• Task:
Please copy, exactly as written, the span from the first line below to the line that contains "Enhance your dog’s", including both, and skip the pictures.

━━ Given information

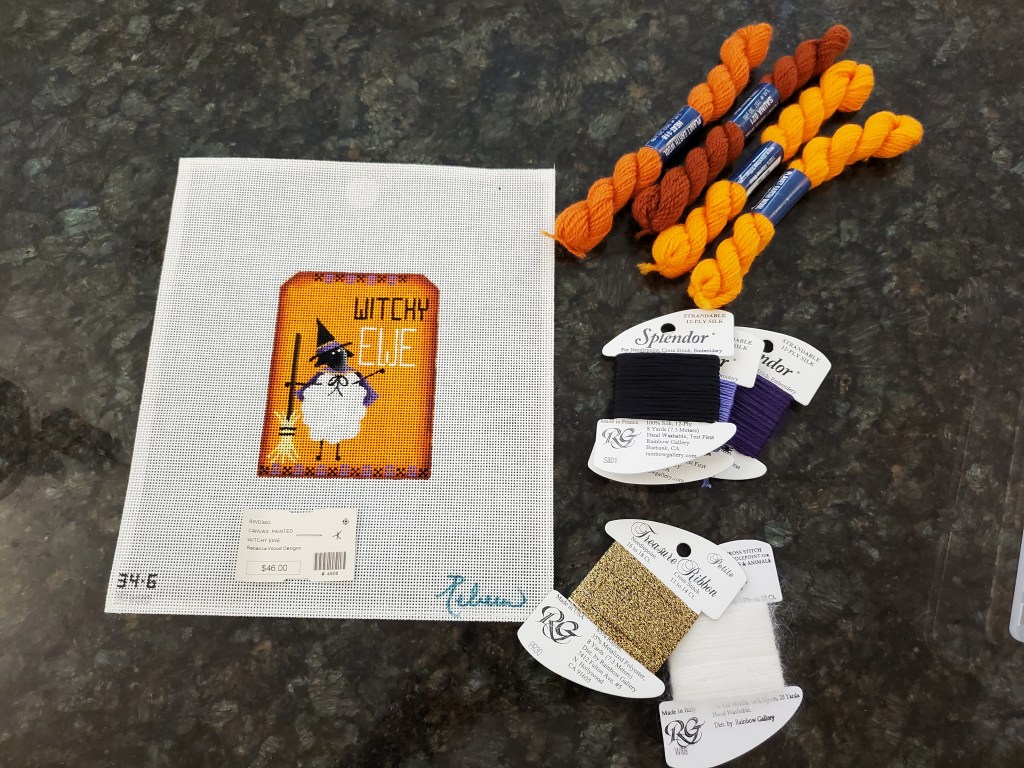 Long-time readers know I like to buy local stuff when I travel. That’s a little bit harder to do in a needlepoint shop, and even harder when you don’t feel up to stitching what they do have. So, mildly defeated, I did thumb through their Rebecca Wood trunk show. When I found this canvas, I made such a noise, it concerned the ladies working the shop…
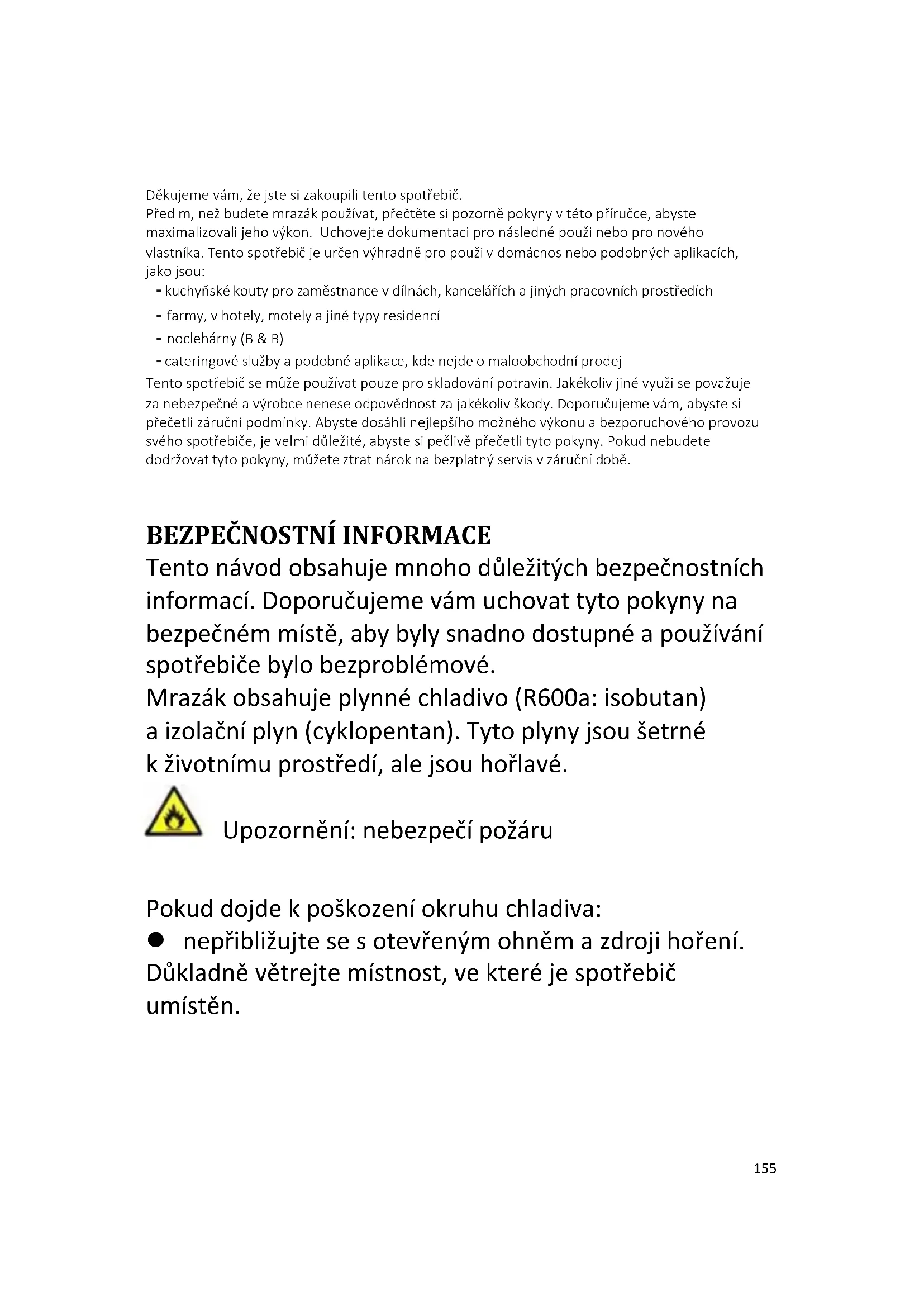 - ŘEŠENÍ PROBLÉMŮ 55 Děkujeme vám, že jste si zakoupili tento spotřebič. Před tím, než budete mrazák používat, přečtěte si pozorně pokyny v této příručce, abyste maximalizovali jeho výkon. Uchovejte dokumentaci pro následné použití nebo pro nového vlastníka. Tento spotřebič je určen výhradně pro použití v domácnosti nebo podobných aplikacích, jako jsou: - kuchyňské kouty pro zaměstnance v dílnách, kancelářích a jiných pracovních prostředích - farmy, v hotely, motely a jiné typy residencí - noclehárny (B & B) - cateringové služby a podobné aplikace, kde nejde o maloobchodní prodej Tento spotřebič se může používat pouze pro skladování potravin. Jakékoliv jiné využití se považuje za nebezpečné a výrobce nenese odpovědnost za jakékoliv škody. Doporučujeme vám, abyste si přečetli záruční podmínky. Abyste dosáhli nejlepšího možného výkonu a bezporuchového provozu svého spotřebiče, je velmi důležité, abyste si pečlivě přečetli tyto pokyny. Pokud nebudete dodržovat tyto pokyny, můžete ztratit nárok na bezplatný servis v záruční době. p. 1661
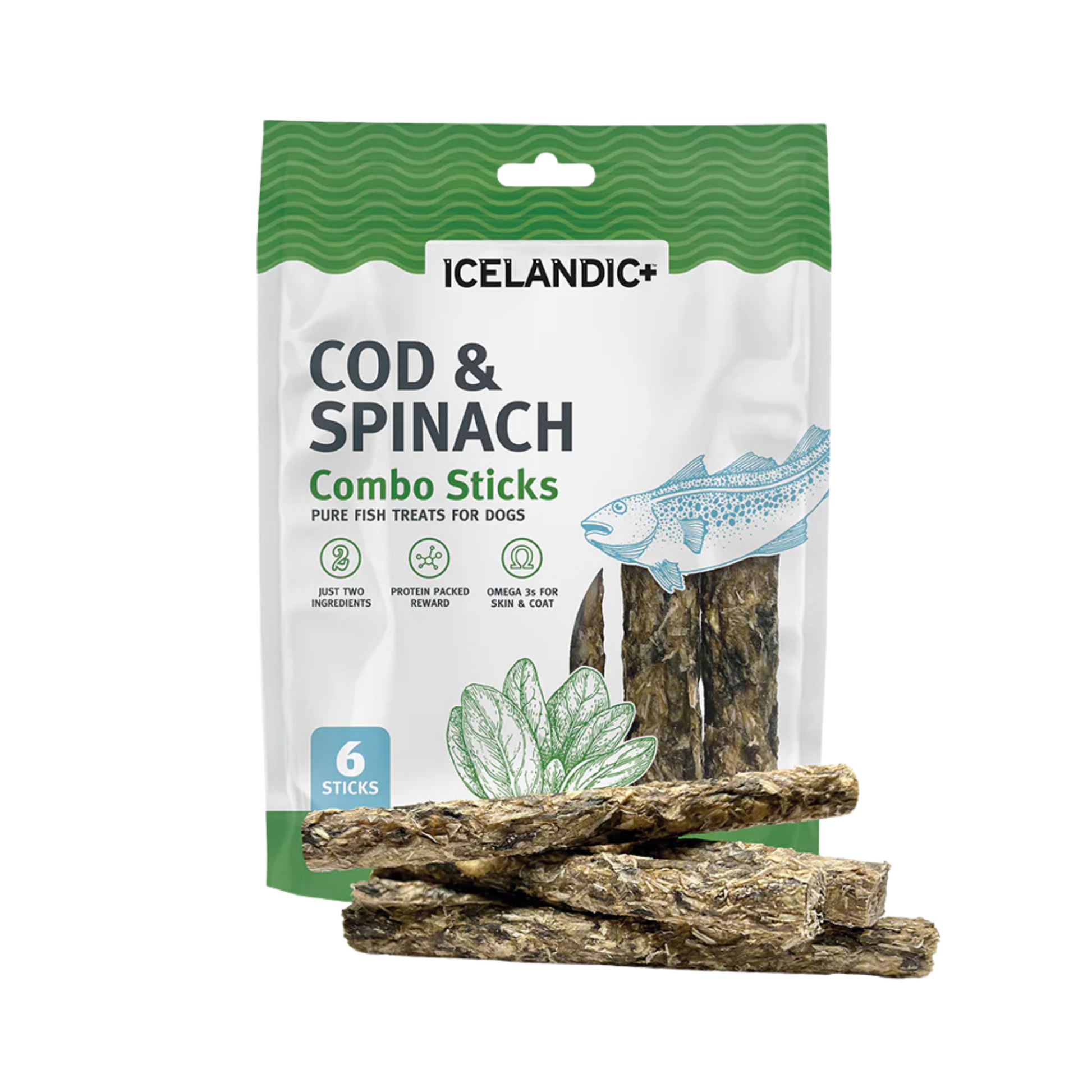 Enhance your dog’s snack time with Icelandic+ Cod & Spinach Combo Sticks for Dogs, a wholesome, nutrient-rich treat made with responsibly sourced fish and nutrient-packed greens. Featuring wild-caught cod paired with spinach, these tasty sticks deliver omega-3 fatty acids for healthy skin and coat while supporting overall wellness with clean, simple ingredients.
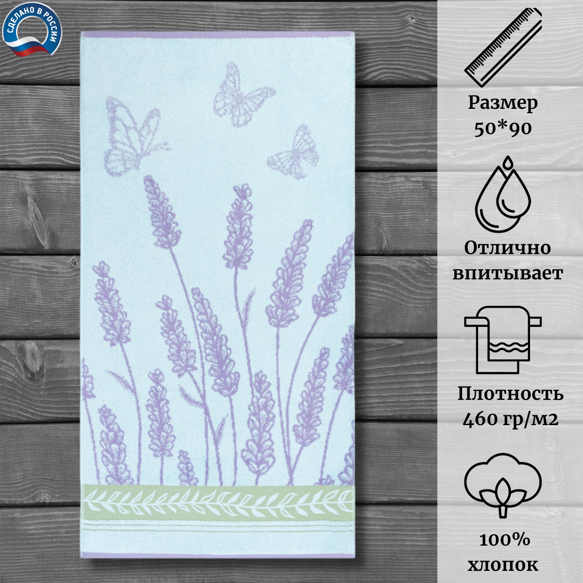 Махровая фактура ткани обеспечивает приятные тактильные ощущения и быстрое впитывание влаги. Плотность ткани составляет 460 г/м², что гарантирует долговечность и сохранение формы полотенца. Благодаря своим размерам (50х90 см) и форме, оно удобно в использовании после мытья рук и лица.

━━━━

• Answer space:
 Long-time readers know I like to buy local stuff when I travel. That’s a little bit harder to do in a needlepoint shop, and even harder when you don’t feel up to stitching what they do have. So, mildly defeated, I did thumb through their Rebecca Wood trunk show. When I found this canvas, I made such a noise, it concerned the ladies working the shop…
 - ŘEŠENÍ PROBLÉMŮ 55 Děkujeme vám, že jste si zakoupili tento spotřebič. Před tím, než budete mrazák používat, přečtěte si pozorně pokyny v této příručce, abyste maximalizovali jeho výkon. Uchovejte dokumentaci pro následné použití nebo pro nového vlastníka. Tento spotřebič je určen výhradně pro použití v domácnosti nebo podobných aplikacích, jako jsou: - kuchyňské kouty pro zaměstnance v dílnách, kancelářích a jiných pracovních prostředích - farmy, v hotely, motely a jiné typy residencí - noclehárny (B & B) - cateringové služby a podobné aplikace, kde nejde o maloobchodní prodej Tento spotřebič se může používat pouze pro skladování potravin. Jakékoliv jiné využití se považuje za nebezpečné a výrobce nenese odpovědnost za jakékoliv škody. Doporučujeme vám, abyste si přečetli záruční podmínky. Abyste dosáhli nejlepšího možného výkonu a bezporuchového provozu svého spotřebiče, je velmi důležité, abyste si pečlivě přečetli tyto pokyny. Pokud nebudete dodržovat tyto pokyny, můžete ztratit nárok na bezplatný servis v záruční době. p. 1661
 Enhance your dog’s snack time with Icelandic+ Cod & Spinach Combo Sticks for Dogs, a wholesome, nutrient-rich treat made with responsibly sourced fish and nutrient-packed greens. Featuring wild-caught cod paired with spinach, these tasty sticks deliver omega-3 fatty acids for healthy skin and coat while supporting overall wellness with clean, simple ingredients.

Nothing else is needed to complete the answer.